The real difference between the Milibands

What the brothers really disagree about is why Labour lost, and how it must change to win again.

By Sunder Katwala

For the first time in Labour’s history, party members will return leadership ballots, which hit their doormats yesterday, without knowing who will win. That is because Ed Miliband rejected a Bobby Kennedy role, seeking to influence his brother’s leadership from a kitchen-table seat. A significant political disagreement with his brother gave him reason to believe that his advice would seldom be taken.

That argument has finally moved to centre-stage as the campaign closes. It is not about different world-views — both are social democrats who believe that Labour’s mission is to narrow the gap in life chances, albeit with mildly different instincts about how to get there. And the brothers have resisted excessively personalising their fraternal battle, to the mutual frustration of some supporters.

What the Milibands really disagree about is why Labour lost and how to win again. Couching the argument in psephological number-crunching about the shifting class structure, they are playing out a deeper existential question about the party’s strategy and public identity. What does “moving on” from New Labour mean, and how deep should it go? David Miliband warns that throwing out too much of a recently successful formula could mean a long spell in opposition; Ed Miliband fears that it is failing to recognise the scale of change needed which would keep the party from power.

David Miliband’s campaign presents the election as a “head versus heart” choice. The idea that Ed Miliband is a “comfort zone” candidate irks John Denham, the Southampton MP who has focused most on Labour’s southern challenge and who is leading on future policy development for Ed Miliband’s campaign.

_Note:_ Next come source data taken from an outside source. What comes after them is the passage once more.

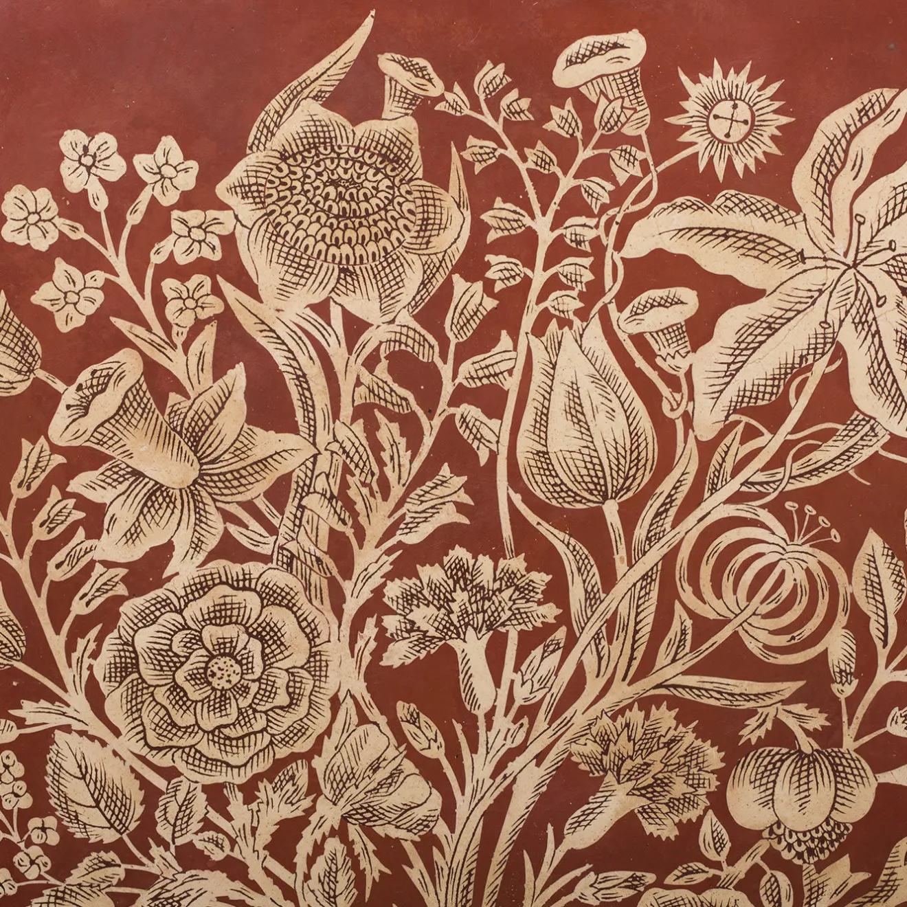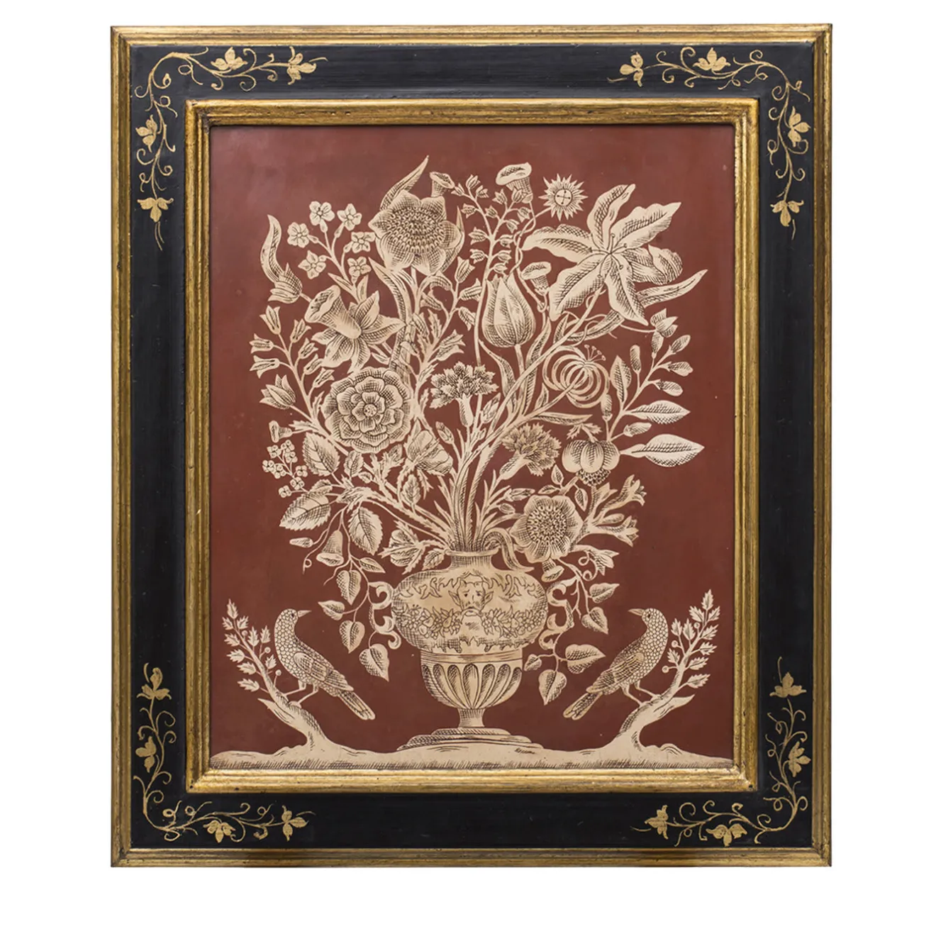 Tableau recherché interamente realizzato a mano in intarsio di marmo rosso e avorio, ottenuto con la tradizionale tecnica della scagliola. Il design si ispira a un originale del XVIII secolo della stessa casa ed è stato abbinato a una classica cornice in legno nero con dettagli in oro.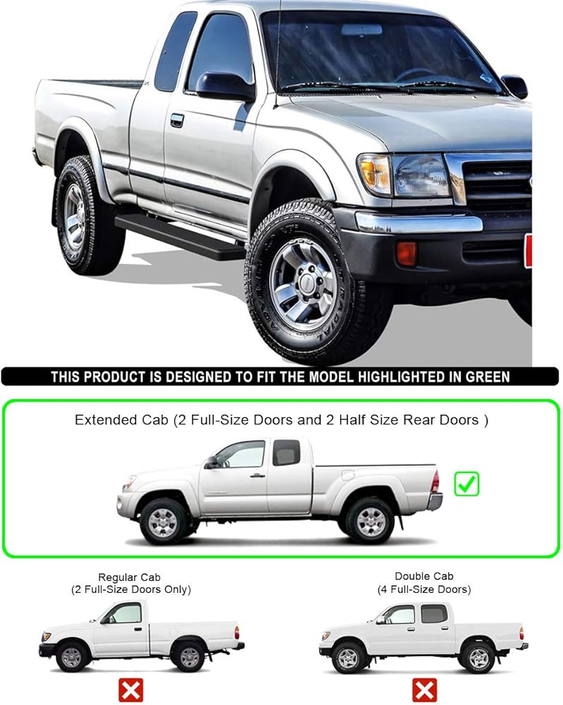 Great looking CAB LENGTH nerf bars, Compatible with Toyota Tacoma 1995-2004 Extended Xtra Cab (4WD or Prerunner 2WD 4WD)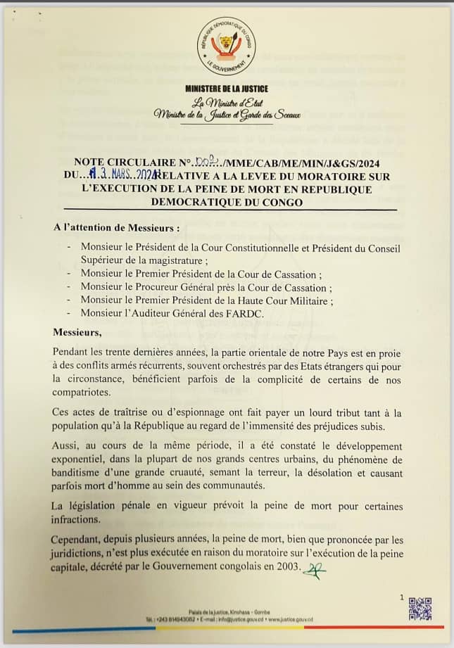 Cette annonce suscite déjà des réactions diverses au sein de la société congolaise et relance le débat sur l’application de la peine capitale dans le pays. Certains saluent cette initiative comme un moyen efficace pour dissuader les criminels les plus impitoyables, tandis que d’autres expriment leurs inquiétudes quant aux possibles abus et erreurs judiciaires qui pourraient découler de cette levée du moratoire.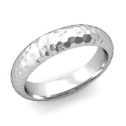 Dome Comfort Fit Wedding Band in 14k White or Yellow Gold, Hammered Finish, 5mm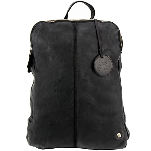 Roberto Romano handgjord ryggsäck CAPRI av äkta läder i svart 48203 | ryggsäck, läderryggsäck, damryggsäck | Modern design för fritid, skola, affärer och semester, svart, ca. 25,5 x 34 x 7,5 cm,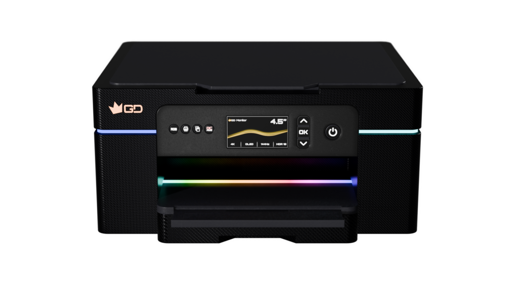 Tecnologia de TintaGD PrintOLEDPretos Black Hole Black e gama de cores RGB e CMYK alargadas.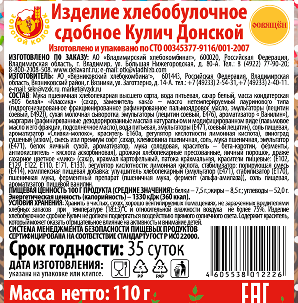 Кекс Донской от бренда Золотой колобок – вкусное тающее угощение, которое никого не оставит равнодушным. Оно готовится из ароматного теста с добавлением помадки и отборного изюма. Десерт буквально тает во рту. Нежнейший кекс Донской с оригинальным ароматом подарит настоящее гастрономическое удовольствие самому взыскательному гурману.

Denham warns that what he calls the “New Labour establishment” could fatally underestimate how much must change. “It is Ed Miliband who is the brave choice, who says ‘we are going to have to change again as we changed before’ against those who think we have still pretty much got it right and need to tweak things a bit to return to our winning formula,” he says.

The sharpest argument in the party’s inquest into May 2010 is not about this May but Labour’s last victory five years earlier. Whether to treat that as a triumph or near-disaster could determine whether “change” is in a major or minor key. For Liam Byrne, the main election number cruncher backing David Miliband, the “simple fact” about 2005 is that “Labour won”, with the historic 1997 New Labour coalition “sustained to carry Labour to victory once again”. Byrne’s Progress paper on the 2010 defeat argues that the lessons of 2005 were “much misunderstood”, alluding to fierce internal arguments over the analysis he produced at Tony Blair’s behest that autumn, just as New Labour factionalism hit new lows.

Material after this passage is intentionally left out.